EDX Medical Group PLC on Monday shared plans to move its listing to London’s AIM from the Aquis Exchange, alongside expectations of ‘record’ revenue in financial 2026.

The Cambridge, England-based developer of digital diagnostic products and services has applied under a ‘streamlined admission process’ called the ‘AIM Designated Market’ route intended for companies previously traded on Aquis.

It listed on the Access segment of the Aquis Growth Market back in 2021, but was renamed EDX Medical in 2022 as part of a reverse takeover by EDX Medical Ltd. It then moved to Apex segment in 2024, and because it has been listed there for more than 18 months, it is not required to publish an admission document before joining AIM.

EDX Medical explained that it was making the move to support future fundraising.

‘The company will continue to require capital to fulfil its potential and believe that its access to capital from certain funds, its liquidity profile and visibility to investors will be improved by the AIM admission,’ it said.

Since 2022, EDX Medical has reported having raised £15.5 million, alongside securing distribution deals and hiring more staff.

For the year ended March 31, the company expects to post ‘record’ revenue of about £1.2 million, compared to £122,608 the year prior, when sales had declined from £227,986 in financial 2024.

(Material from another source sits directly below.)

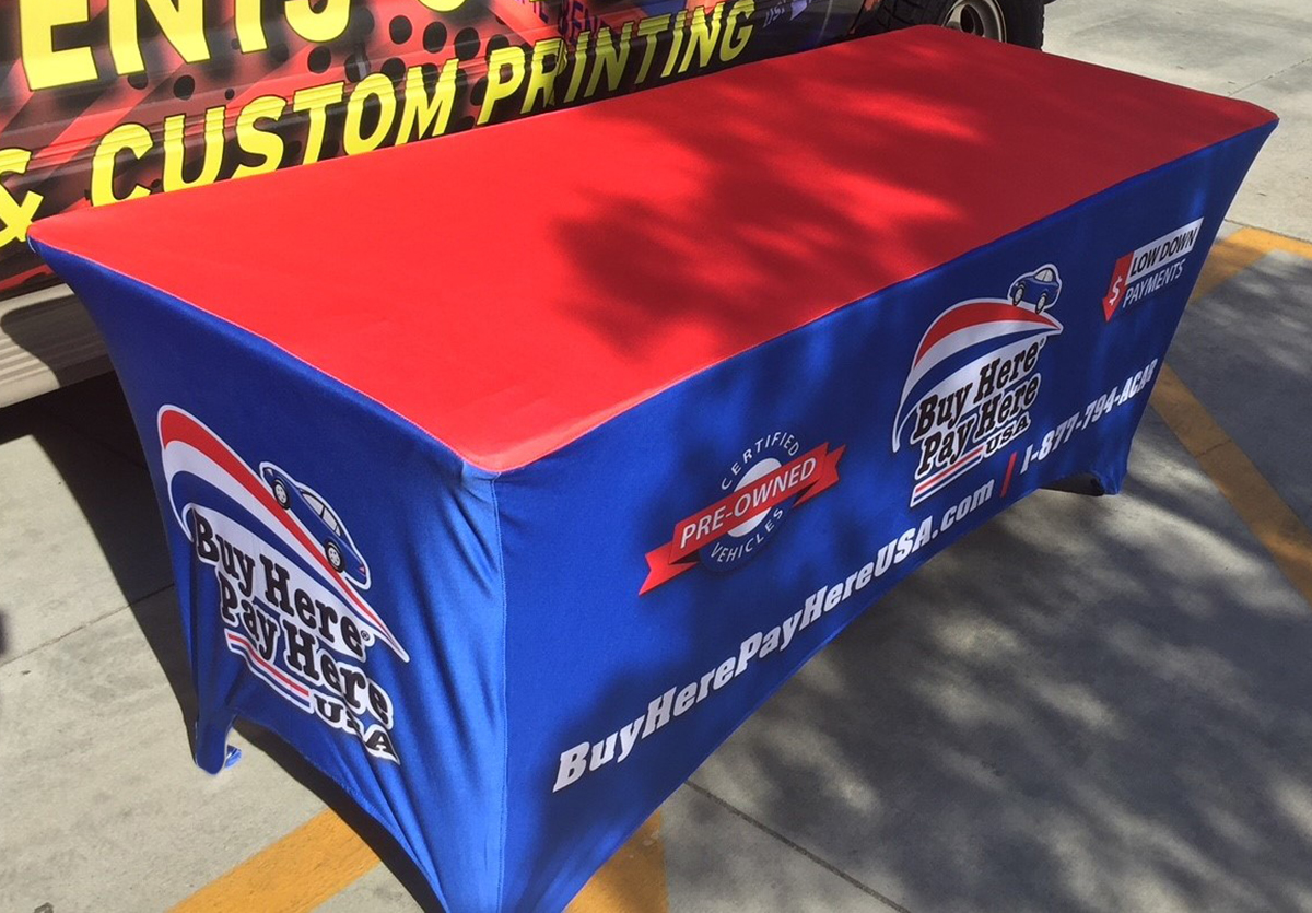 Great for store displays and easy to take to events, our table covers are made of premium polyester and are printed in full color. Lighthouse Advertising’s table covers are made of premium grade materials that are rated as fire retardant, water repellent, and UV coated.

The improvement ‘has been driven by the recent focus on the distribution of prostate cancer tests which has compensated for some delay to the regulatory approvals for some of the EDC tests and slower sales of some of the more complex tests,’ EDX Medical said.

It ended March with around £2.9 million in cash, compared with around £2.4 million on-year.

‘In order to mitigate the downside risk of revenue expectations not being achieved or equity not being available on appropriate terms the Company has entered into a working capital facility from Sir Christopher Evans,’ EDX Medical noted. This is for up to £3.71 million, and is in addition to an existing loan from Evans of £2.0 million.

As of Monday, Evans is the company’s largest shareholder with a stake of about 33%.

EDX Medical previously had described financial 2025 as a ‘transitional year’, noting ahead of its proposed admission to AIM that is ‘unlikely to be in a position to pay dividends in the short to medium term’.

The company’s shares were last quoted at 10.75 pence each on Aquis.